The layoffs started before AI hit the scene in a big way. That’s key. The industry was already under pressure from tightening VC flows, post-pandemic corrections, and overexpansion. But here’s the part most people miss: shadow AI and shadow IT have been prominent inside the tech workforce since at least early 2023, quietly replacing meetings, content, internal tools, and even low-tier engineering work. These changes are massively underacknowledged by leadership and almost entirely absent from the thought pieces that form the training data for articles like the one we’re talking about.

You’re not wrong to say not all the layoffs were AI-driven. But the layoffs created the space for AI to be adopted at scale without resistance. When a new hire becomes a liability and a plugin becomes an asset, the math stops caring about morale.

A shift that reduces the number of people who need to be employed to get something done is functionally the death of that field as a mass employment industry. It happened to manufacturing. It’s happening to software, design, support, admin, ops.

This isn’t hypothetical. Please do a deep dive into where the new jobs are actually appearing. What we’re seeing isn’t redirection. It’s a hollowing.

You mentioned traceability and compliance. But those aren’t job protections. Those are system enablers. The people who used to enforce them are being replaced by the tooling that enforces itself.

This is an acceleration of extractive paradigms, not a correction. Efficiency tools have never valued payroll. They value outputs. And in a system like that, the middle class becomes a semi-meritocratic pseudo UBI, built on credential friction and procedural bloat. AI strips that away.
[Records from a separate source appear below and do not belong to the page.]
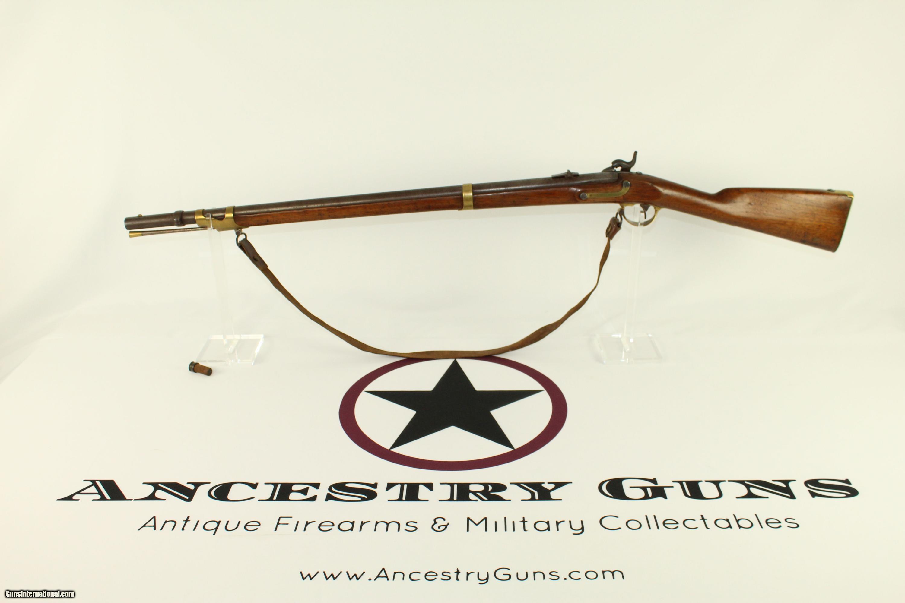 Description: Antique Whitneyville Contract U.S. Model 1841 Rifle-Musket Scarce “Mississippi” Rifle Variant with Scarcer Bayonet Lug Here we present an antique U.S. Model 1841 Rifle-Musket, made on contract by Eli Whitney’s Whitneyville or Whitney Arms Co. in New Haven, Connecticut in 1854. Only 26,500 were produced by Whitney. The Mississippi Rifle is so called because its service life included the Mexican-American War, during which Jefferson Davis (future president of the Confederacy) led his Mississippi troops, who carried and favored the rifle. It was a rugged and reliable weapon. The Model 1841 was originally made in .54 caliber, but in the late 1850s a number were arsenal reconfigured to .58 caliber, the caliber that became standard at that time. Obviously the M1841 was worth converting. Normally, a rifle that is converted is not worth quite as much, but this one bucks that trend, probably due to its use by both sides during the American Civil War. Government arsenals that were in the Confederacy at the time of the rebellion had a number of these in them. This specimen is one of those arsenal reconfigured, not just to .58 caliber, but it also got a new rear sight and a provision for a bayonet lug, which it lacked before. All three of these features follow the Colt pattern, and only 5,000 pieces received this particular conversion, making it quite rare. The overall condition is fine. One of the most distinguishing visual features of this rifle is the brass, which is bright and in very good condition. Stock is very good with the usual handling marks. Barrel and lock have a uniform dark gray patina. Markings on the breech are clear and are “U.S./ADK/VP”. “ADK” is the inspector mark for A.D. King. “STEEL” also marked on the breech just above the left side of the stock. The dates “1854” and “1855” appear on the barrel tang and lock respectively. “E.Whitney” and “N.Haven” also appear on the lock. “U.S.” on the butt plate. Barrel and the added bayonet lug are both numbered and match. Ramrod is steel with a brass tip that is typical on those M1841s made prior to 1855. Bore is very good. Action is excellent. Leather sling and original muzzle plug included. Own the original! This is a legitimate antique and not a reproduction. Barrel is 33 inches in length. Caliber: .58 percussion Bore is in very good condition and the action is excellent. Overall condition as seen in photos. Here is a rare U.S. military long arm for your collection. Very Fast. Very Safe. FREE SHIPPING WORLDWIDE. Delivered directly to your door by express mail! Guaranteed AUTHENTIC & Includes CERTIFICATE OF AUTHENTICITY. ancestryguns $4250 #10303 SOLD Antique: Yes |
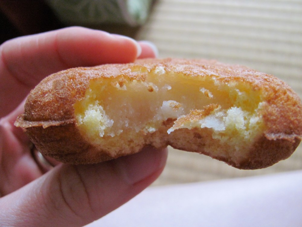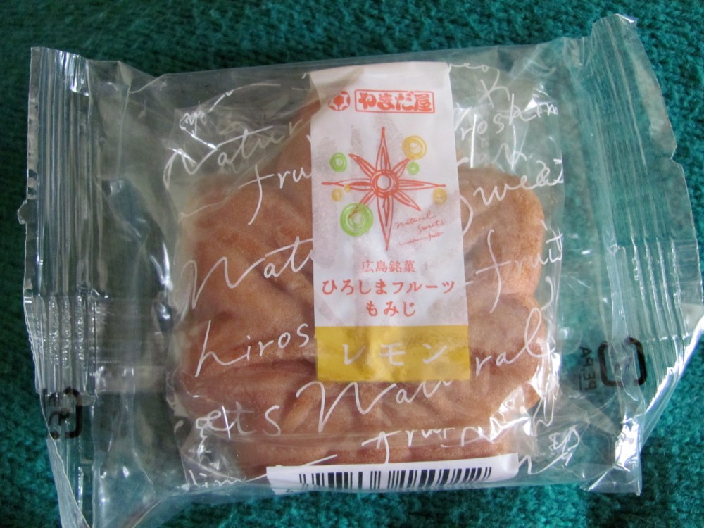 Hiroshima is famous for citrus fruits, and this lemon manjû, labeled as Hiroshima Fruit Momiji: Lemon (ひろしまフルーツもみじ レモン) reminded both of us of a lemon Girl Scout cookie. Like the Aka Momiji, this variety is also mixed with ingen mame instead of azuki.
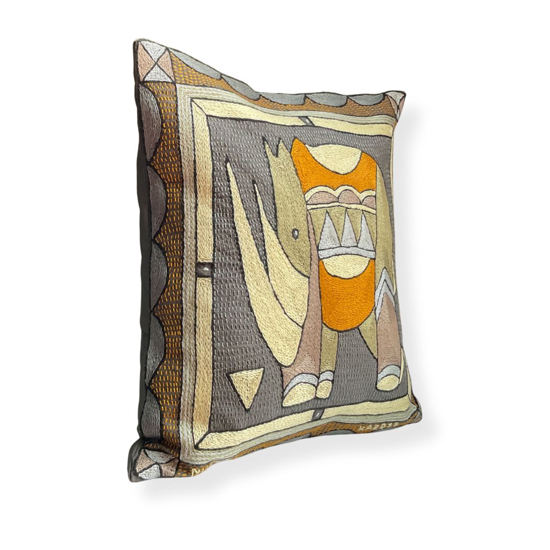 This cushion cover is a one-of-a-kind artwork. While the design is repeated within the collection, our skilled embroiderers interpret each piece individually, combining colors and stitches to create a truly unique item. The artwork features African animals, beautifully framed with the Kaross Signature geometric borders.
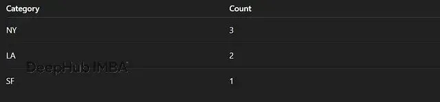 "city": ["NY", "LA", "NY", "SF", "LA", "NY"],
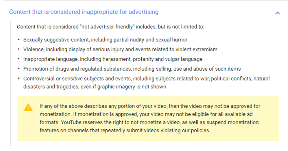 What are these guidelines you may ask? The broad term states that any content that is not "advertiser-friendly" will not be eligible for monetization. A more specific look at these guidelines reveals that things like sexual humor, inappropriate language (including profanity or vulgar language), and "controversial or sensitive subjects and events, including subjects related to war, political conflicts, natural disasters and tragedies, even if graphic imagery is not shown" are not allowed in videos if they wish to be monetized. If a channel does not comply with these guidelines, they can be permanently suspended or banned from monetizing their videos. There are some of the guidelines that I agree with (such as the partial nudity, violent extremism, and promotions of drugs) but the the overarching question here is what does this do to the idea of freedom of speech and being yourself (as YouTube boasts as a selling point for its creators).
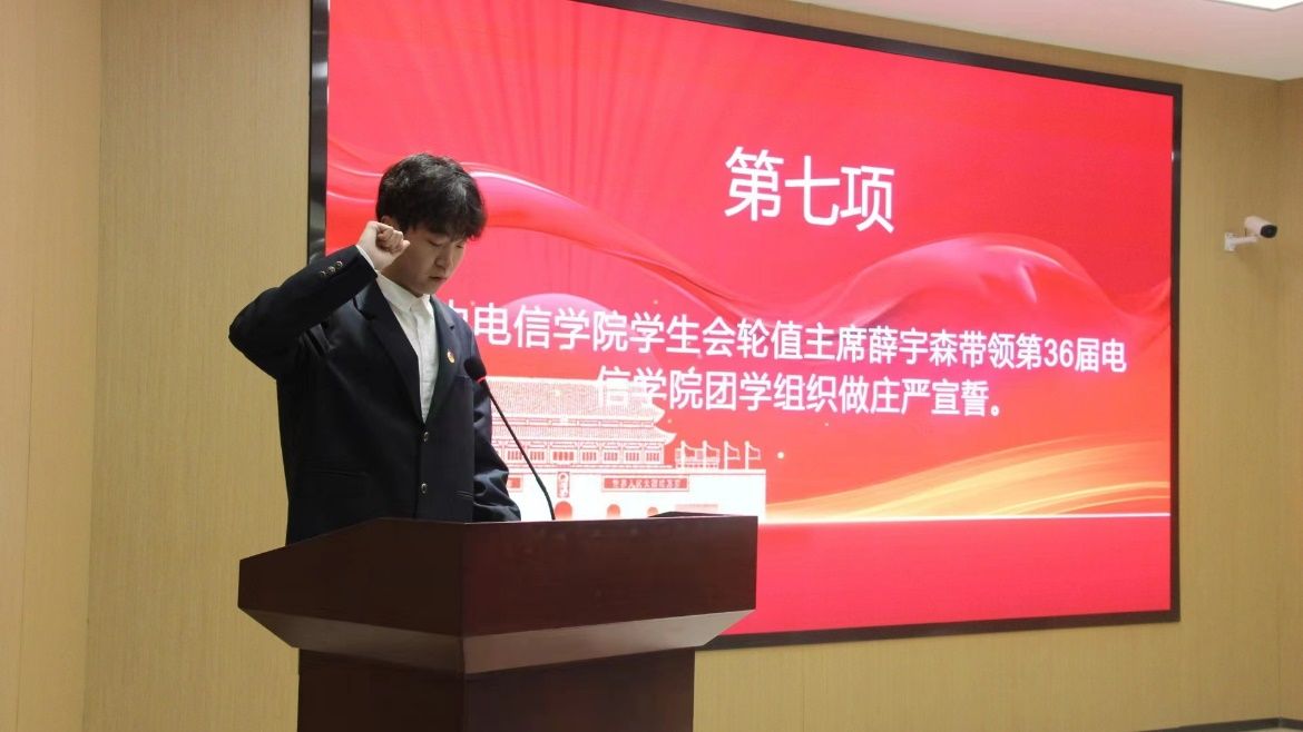 接着,张宇航及团学组织负责人分别为学生干部颁发了聘书。同时,在学生分会轮值主席薛宇森的带领下,第36届学生组织全体干部庄严宣誓,坚定了全心全意为同学服务,为欧冠投注官网入口更好的明天而努力奋斗的决心。
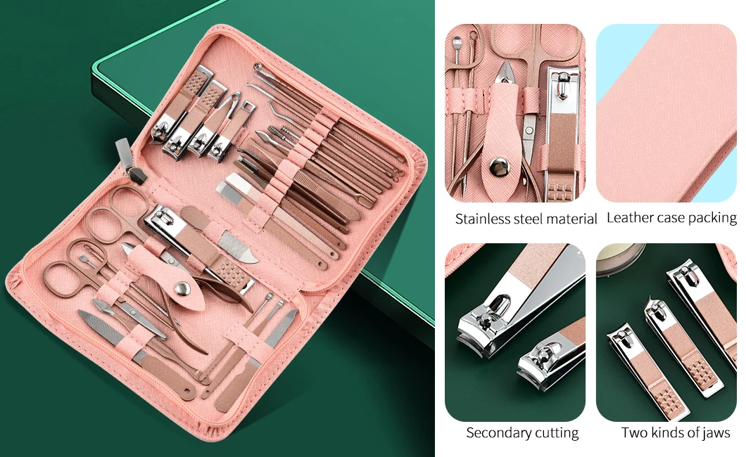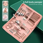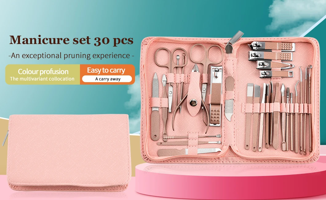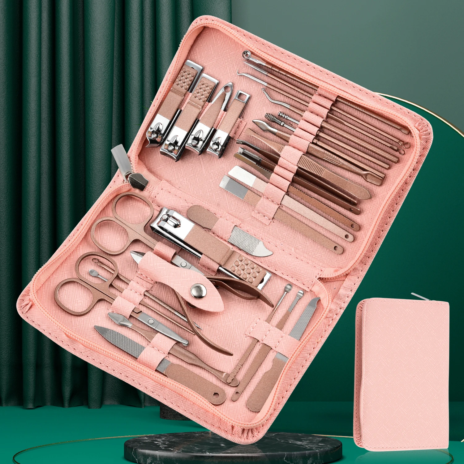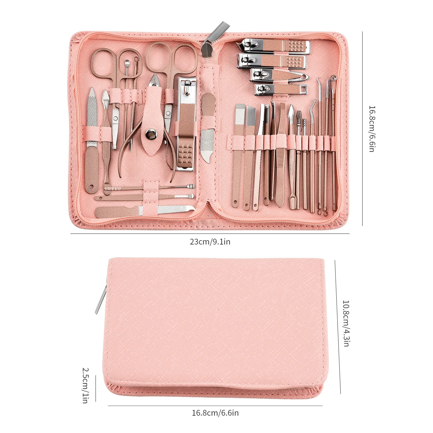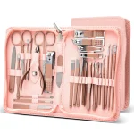 Professional Manicure Set with Stainless Steel Tools and Pink Case

The result is sector collapse. Community collapse. And economic fragility at scale. Because bots don’t pay taxes.

We’re not debating abstractions. We’re watching the foundations shift in real time. The only thing missing is a plan for the aftermath.

Radical Insider's avatar

Hey Eric—really appreciate the thoughtful follow-up. You’re bringing a wide-angle lens to this conversation, and I respect that.

That said, I think we’re covering different parts of the field. My article was focused on a specific question: Will AI replace programmers? Not the broader shift in employment or economic structures—which you’re absolutely right to call attention to. We’re just not in the same section of the playbook.
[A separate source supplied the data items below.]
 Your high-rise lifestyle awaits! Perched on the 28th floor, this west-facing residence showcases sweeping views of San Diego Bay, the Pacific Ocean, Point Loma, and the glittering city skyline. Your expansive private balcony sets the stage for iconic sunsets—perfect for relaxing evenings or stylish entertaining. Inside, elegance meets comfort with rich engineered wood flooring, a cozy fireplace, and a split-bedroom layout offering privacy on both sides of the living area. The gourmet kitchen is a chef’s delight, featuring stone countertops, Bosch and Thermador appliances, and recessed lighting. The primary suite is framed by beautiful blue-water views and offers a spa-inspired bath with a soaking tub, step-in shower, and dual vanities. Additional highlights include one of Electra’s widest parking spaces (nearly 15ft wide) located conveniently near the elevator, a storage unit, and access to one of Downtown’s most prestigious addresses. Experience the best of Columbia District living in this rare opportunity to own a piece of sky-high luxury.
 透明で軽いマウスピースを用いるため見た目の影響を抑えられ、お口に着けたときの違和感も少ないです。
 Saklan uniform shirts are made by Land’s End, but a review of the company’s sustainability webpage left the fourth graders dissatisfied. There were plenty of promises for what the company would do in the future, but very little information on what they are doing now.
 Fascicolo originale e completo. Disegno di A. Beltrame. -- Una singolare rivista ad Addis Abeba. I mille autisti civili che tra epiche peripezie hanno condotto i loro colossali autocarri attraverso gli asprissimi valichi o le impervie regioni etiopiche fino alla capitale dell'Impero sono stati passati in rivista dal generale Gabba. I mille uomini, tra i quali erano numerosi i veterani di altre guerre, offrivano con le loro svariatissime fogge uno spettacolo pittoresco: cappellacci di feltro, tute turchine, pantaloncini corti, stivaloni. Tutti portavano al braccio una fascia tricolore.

I totally agree that jobs are changing, and yeah, some roles are being hollowed out. But I’d argue AI isn’t the cause—it’s the accelerant. The incentives were already there; AI just stepped up in the middle innings when leadership was looking to cut the roster and still win games.

And you’re spot on that media narratives play into corporate decision-making. That’s a real part of the equation, even if it’s rarely acknowledged.
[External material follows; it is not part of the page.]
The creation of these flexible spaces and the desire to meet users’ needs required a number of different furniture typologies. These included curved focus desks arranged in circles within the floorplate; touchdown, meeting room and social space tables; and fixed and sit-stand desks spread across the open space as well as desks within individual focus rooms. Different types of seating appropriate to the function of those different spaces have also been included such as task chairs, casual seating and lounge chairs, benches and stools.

But at the end of the day, this thread has moved beyond the scope of what I was trying to cover. Maybe a follow-up piece is in order to dig into the bigger picture. For this one, I just wanted to clarify that developers who adapt, design, and understand systems still have a role to play—they’re not getting pulled off the field just yet.

Appreciate the dialogue—it’s been a sharp and respectful exchange, and that’s a rare thing online these days.